Media Contacts
Elizabeth Weyant
MASSPIRG
Statement of MASSPIRG Staff Attorney Lizzi Weyant on the MBTA Board of Directors vote, approving a 23% fare hike on the T
“Today the Board of Directors at the MBTA voted to approve a recommended 23% fare hike by a 4-1 vote. The Board also voted to cut weekend service on the E line and eliminate some weekend commuter rail service. The Board’s vote comes after months of public meetings in which T riders and advocates urged the MBTA to find another way to close its FY13 budget gap.
A 23% fare increase is excessive and will permanently force riders off of the system. The MBTA’s mission is aimed at growing ridership, but a fare hike of this magnitude will mean that thousands of riders will immediately stop using public transportation because it will be more affordable to get back into their cars.
Further, the Board’s decision relies on $60 million in legislative support, with those funds coming from a vehicle registration surplus fund, a tort reform cap, and other sources.

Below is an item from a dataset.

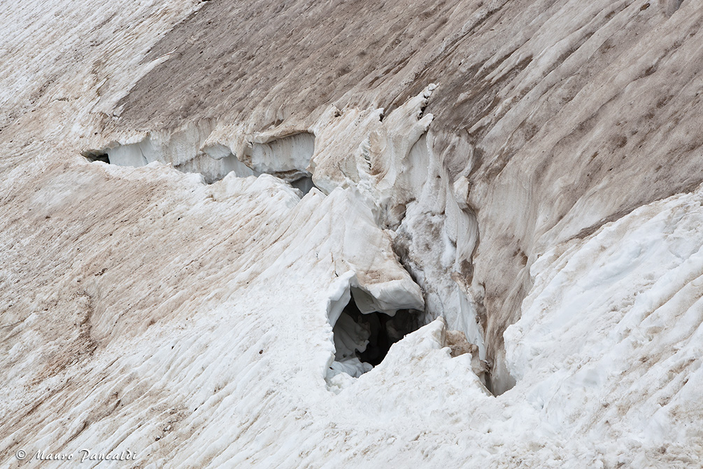Profondo crepaccio sul Ghiacciaio della Marmolada lungo la Via normale a Punta Penia.Profondo crepaccio sul Ghiacciaio della Marmolada lungo la Via normale a Punta Penia.

But the legislature must go beyond this proposal and come up with a solution so that we can increase ridership and fix our broken public transportation system.

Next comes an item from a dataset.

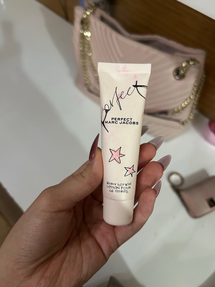 Marc Jacobs Perfect vücut losyonu, cildinizi etkili şekilde nemlendiren yumuşak ve besleyici formüle sahiptir. Kompakt tüpte sunulur. ✨ mükemmel kokuyor parfümün yanında almıştım fakat hiç kullanmadım, yalnızca bir defa denedim ürün %98 dolu, 30 ml

If the public meetings showed nothing else, they clearly illustrated that there is overwhelming support for increased investments in public transportation. We need the legislature to come up with at least $60 million to deal with the short-term gap and stave off draconian service cuts that will follow if that money never materializes.

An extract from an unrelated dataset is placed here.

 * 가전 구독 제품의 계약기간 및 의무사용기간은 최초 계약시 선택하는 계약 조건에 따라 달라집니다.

But it will be just as important for the legislature to find a long-term solution in order to fill a growing transportation funding gap, projected to be over $100 million for FY14, with regional transportation authorities across the state contemplating similar fare hikes and service cuts and crumbling roads and bridges in every corner of the commonwealth.
Our decision-makers must come up with a long-term solution to address our transportation needs. The history of under-funding needs to end immediately so that we can avoid more fare hikes and service cuts next year, and so that we can have the kind of 21st century transportation system that we need and want.”